With the latest windows 11 update they broke the shutdown feature
One can still shutdown, but it requires going into the spooky, scary terminal.
h o w
Some PM: "it's Patch Tuesday, we must push the monthly update or the users will revolt, push it at exactly 10:00!"
"But we didn't finish the tests!"
PM: "Push. It. Right. Now."
That's what it used to be. They managed to sort out their updates. Windows updates system is pretty good now. The issue is what's included in those updates, like all the AI bloat. But that's a different issue.
Forced updates are only an issue on corporate machines now, because it's your IT guy pushing them and setting deadlines to update.
Also, Linux updates can completely break your system. Not often, but it can happen.
Yeaaahhhh, i'm a disagree with this one a little.
It goes like that until the update changes the kernel version and breaks a video driver. I mean, it's a lot rarer than it used to be, but our arcade box at work just got hit with it.
Windows usual fail mode (which is often) is update won't process so it wastes an hour of your time a bunch of times and either justs starts working or requires you to dig into it and either run it manually, or clear up some cache.

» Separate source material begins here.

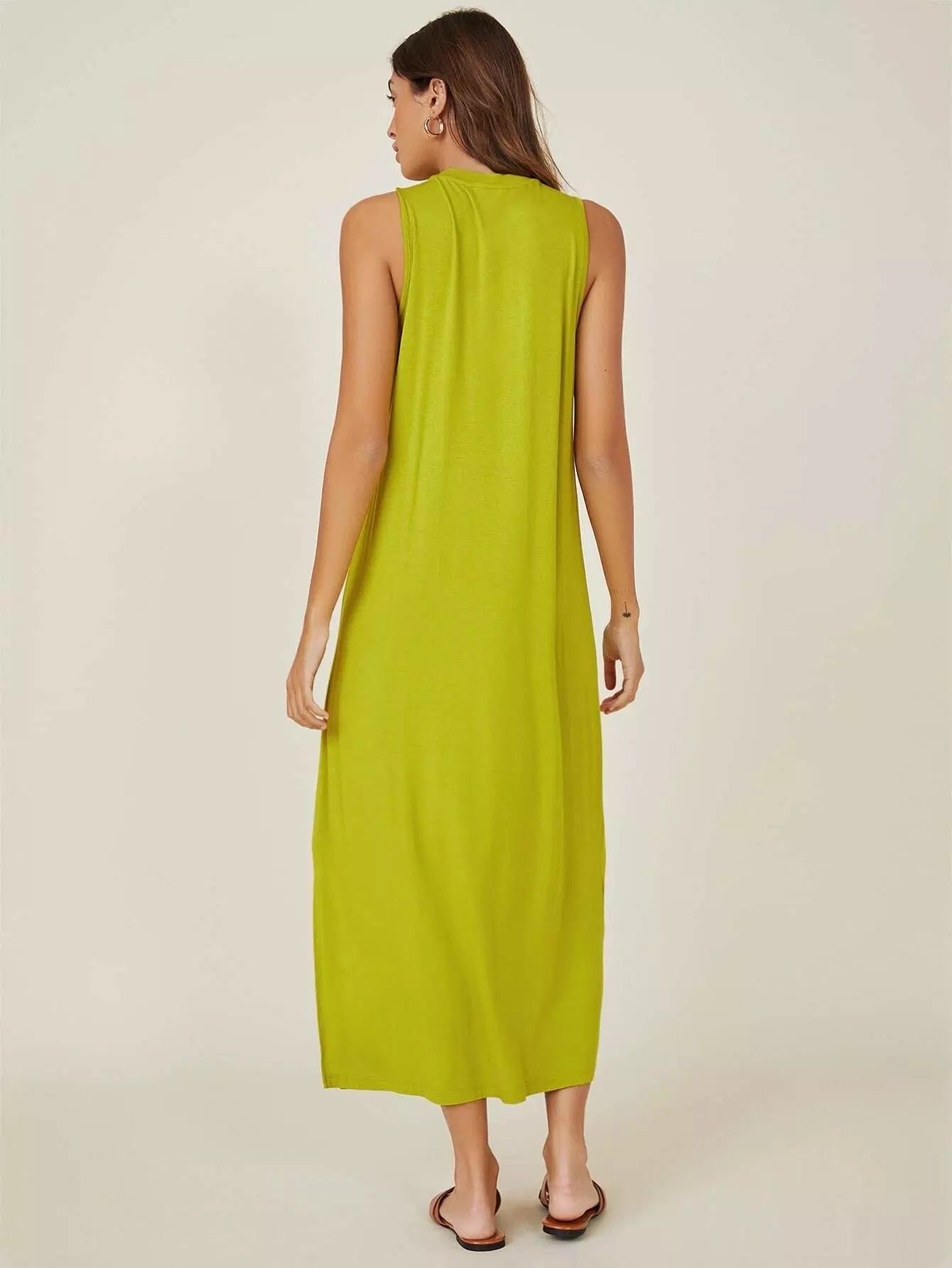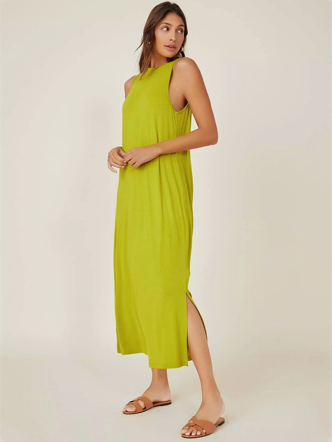 النساء - فستان سادة من القطن بحاشية مقسمة
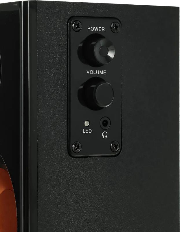 Мощность 12 Вт, число каналов 2.0, диапазон частот 100-20000 Гц, подключение: линейный вход (стерео), разъем для наушников, питание от сети, материал колонок MDF.

Windows not booting into a gui on an update is pretty rare.
Homie, if a kernel update breaks something you can just boot back into the older kernel from grub. It literally only takes the time to reboot the computer.
Until you roll back and shits broken now because the new kernel was a requirement on other shit that was in the update.
For my own shit, I'm running nixos, so when I roll back, every app that just got updated rolls back, perfect recovery, but that doesn't work for most.
As far as the pop-os that broke the other day, I'm more than capable of depsolving and fixing it, but it's not ideal.
I still can't get over the fact that there's just no way to prevent Windows 11 home edition from ever rebooting automatically.
My (very barebones) linux desktop has no way to ask me, it's been removed.
Thatβs some Crowdstrike.
unattended-upgrades
Yes, but be sure to exclude certain services on servers and monitor the remaining pending upgrades.